All of the lines below are to be transcribed faithfully, with pictures excluded from the copy.

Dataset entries
↓
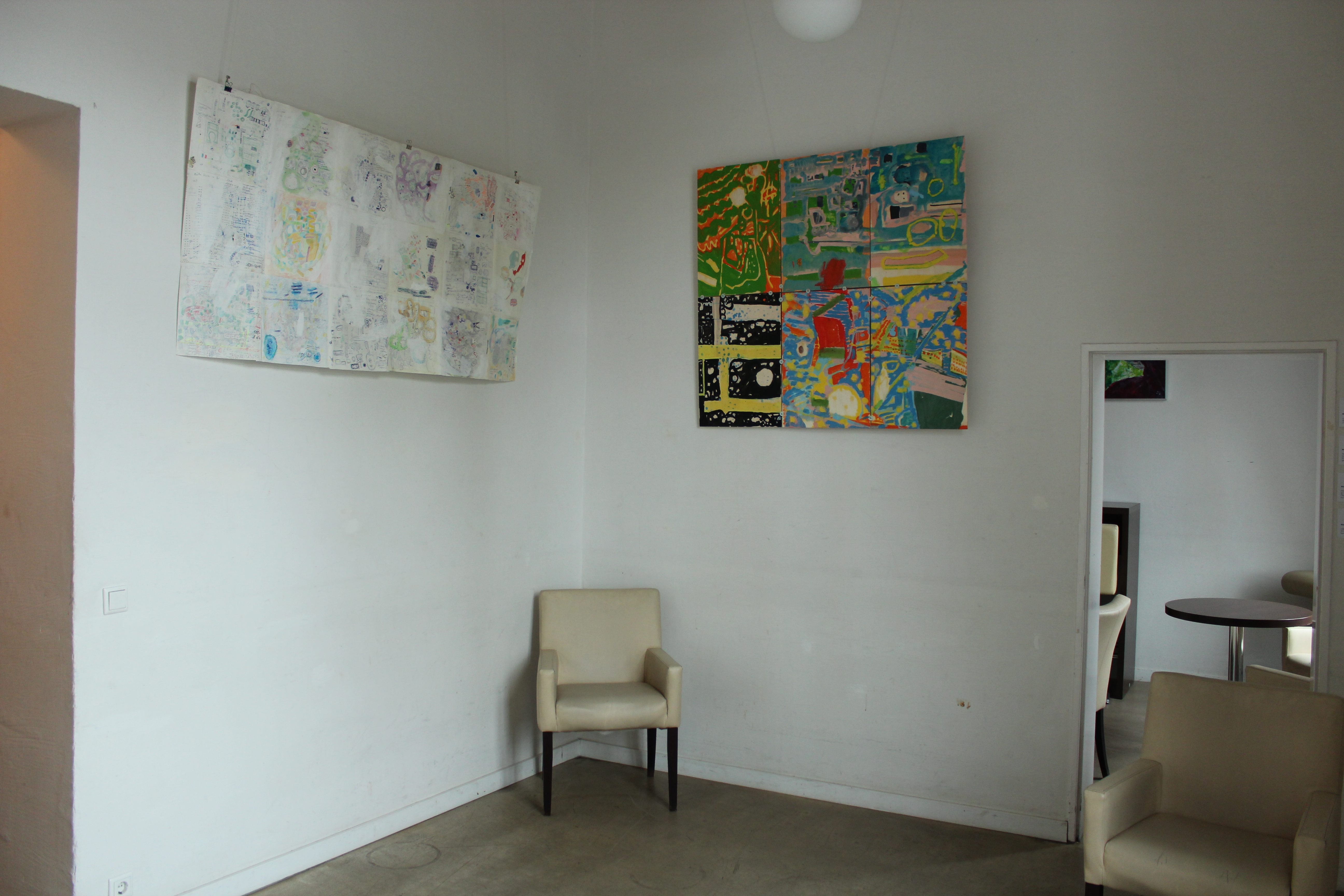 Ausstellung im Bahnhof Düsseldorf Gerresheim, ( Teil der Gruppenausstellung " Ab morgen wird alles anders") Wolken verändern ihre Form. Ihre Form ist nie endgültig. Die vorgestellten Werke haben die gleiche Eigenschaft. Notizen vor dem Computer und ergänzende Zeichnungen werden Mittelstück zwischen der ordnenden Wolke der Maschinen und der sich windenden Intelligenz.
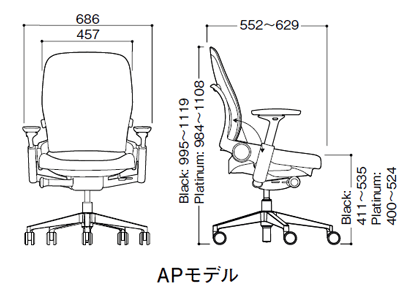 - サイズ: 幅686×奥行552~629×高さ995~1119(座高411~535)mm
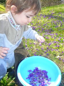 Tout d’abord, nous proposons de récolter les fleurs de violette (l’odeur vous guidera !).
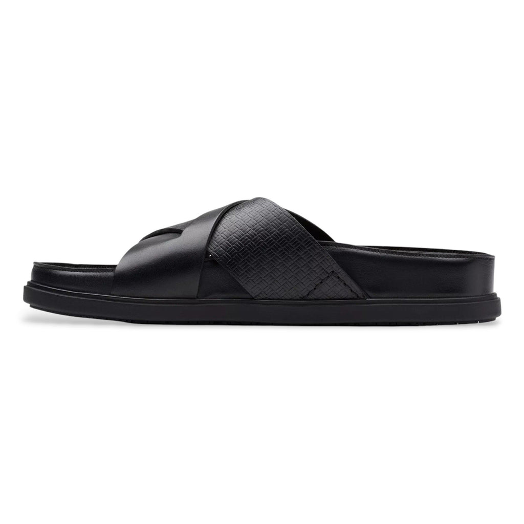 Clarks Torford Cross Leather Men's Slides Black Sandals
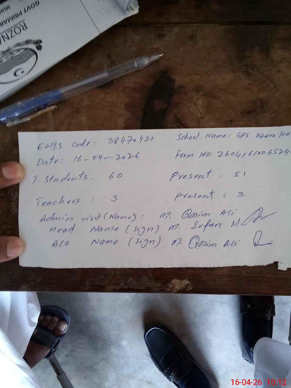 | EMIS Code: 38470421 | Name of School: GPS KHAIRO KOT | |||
↑
▶ [REPLY TO THE EXERCISE]
 Ausstellung im Bahnhof Düsseldorf Gerresheim, ( Teil der Gruppenausstellung " Ab morgen wird alles anders") Wolken verändern ihre Form. Ihre Form ist nie endgültig. Die vorgestellten Werke haben die gleiche Eigenschaft. Notizen vor dem Computer und ergänzende Zeichnungen werden Mittelstück zwischen der ordnenden Wolke der Maschinen und der sich windenden Intelligenz.
 - サイズ: 幅686×奥行552~629×高さ995~1119(座高411~535)mm
 Tout d’abord, nous proposons de récolter les fleurs de violette (l’odeur vous guidera !).
 Clarks Torford Cross Leather Men's Slides Black Sandals
 | EMIS Code: 38470421 | Name of School: GPS KHAIRO KOT | |||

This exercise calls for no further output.